Reg Whellock Turns 100

Dick Moody on a visit to see Reg Whellock who turned 100 this month.
Dick Moody on a visit to see Reg Whellock who turned 100, September, 2014.

Reg Whellock was Head of Science at Wandsworth School from 1957-1967 before he became Headmaster of Greenshaw School Croydon. Like Wandsworth, Greenshaw was a Comprehensive school and Reg was a greater supporter of the H. R. King philosophy of a sound secondary education for all. He has a fantastic memory and remembers that when he joined Wandsworth he inherited six sixthformers studying zoology and botany and that one or two of them earned pocket money washing bodies in the Clapham Common mortuary and three others bottled and drank beer in the basement of the Watney, Mann and Paulin Brewery just off Putney High Street!

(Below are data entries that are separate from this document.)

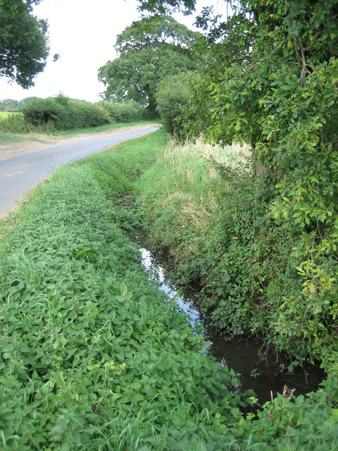 Headwaters of Panford Beck feeding into Black Water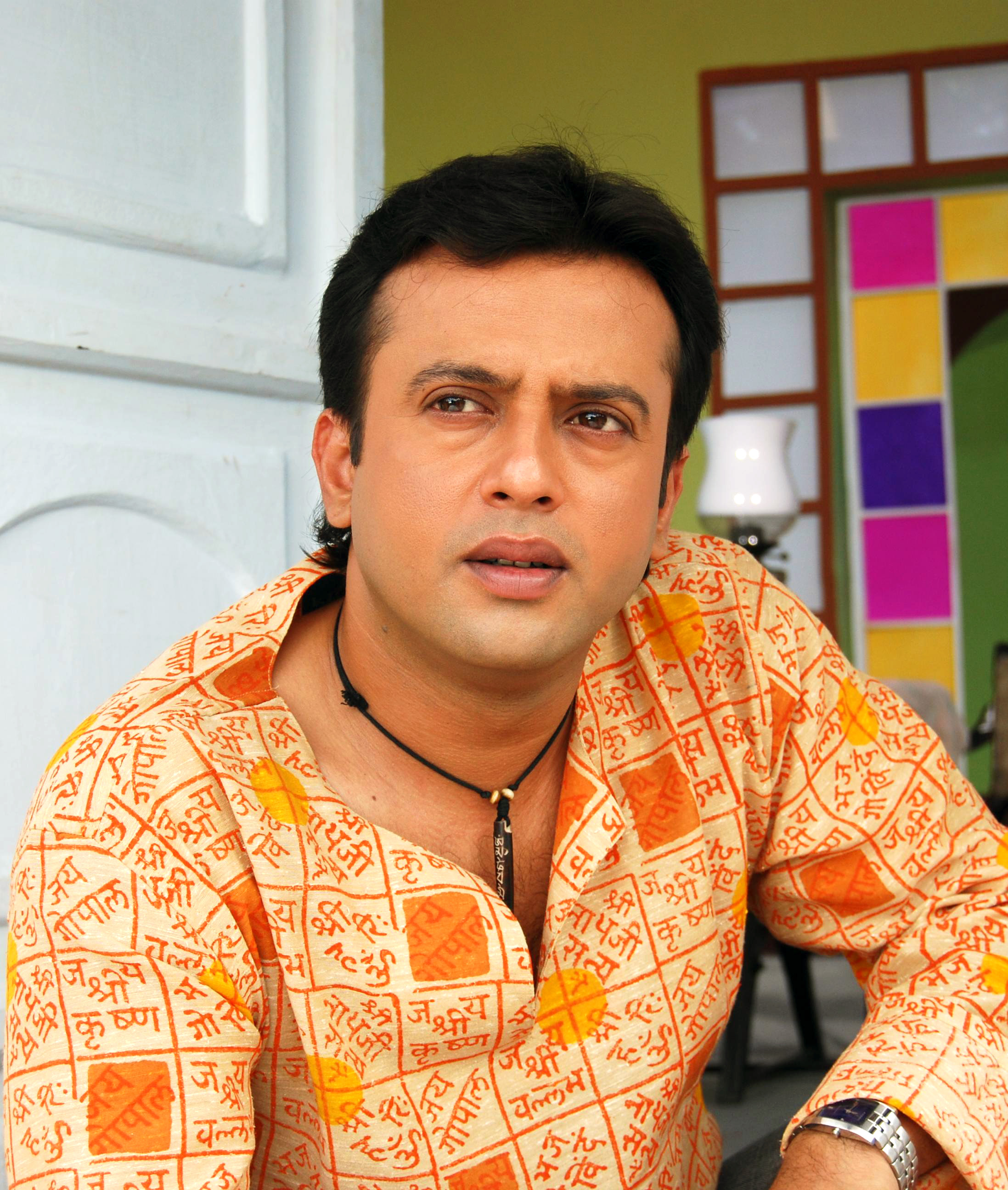 Riaz in the set of 'Akash Chhoa Bhalobasa' 2007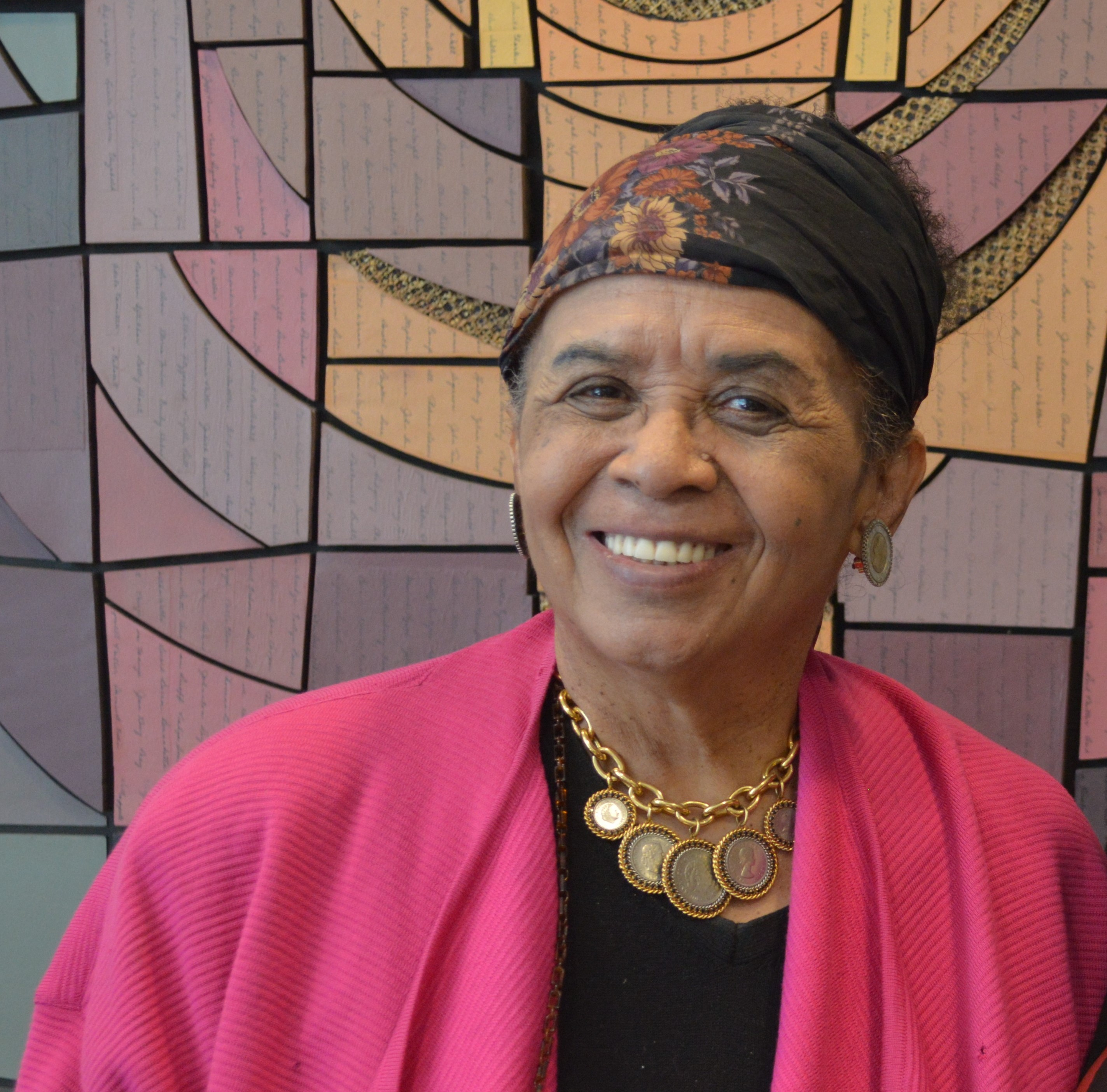 SNCC veteran Dorie Ladner at the convening called "Power of Protest: Lessons of Vietnam" in Washington, DC on May 1, 2015. Photo by Deborah Menkart.

Reg was born in 1914 and entered Ruskin School, Croydon in 1926. Funds were tight during his time at University College London and earned his keep as the organist and Choirmaster at a church in Rockmount Road, Upper Norwood. At Wandsworth Reg had 21 teachers, 6 lab assistants and 13 labs/lecture rooms. He is a wonderful raconteur and my favourite story from a host of tales is the one when he served in the Royal Navy during WW2. He served for a while on HMS Chitral protecting Atlantic convoys and remembers when anchored in a bay in Iceland waking up to see in front of him, HMS Hood anchored nearby. The Hood was apparently shorthanded and Reg and five others, were transferred with kit bags and hammocks aboard the gigantic battleship. There were 1400men on the Hood who hadn’t been ashore for weeks. Fortunately for Reg and his mates they were returned to their own ship before the Hood set sail. He sailed on with the next convoy, and on Saturday 24th May 1941, Empire Day, reached Halifax Nova Scotia. The Union Jacks were at half mast as the Hood went down that morning just three weeks after Reg had disembarked!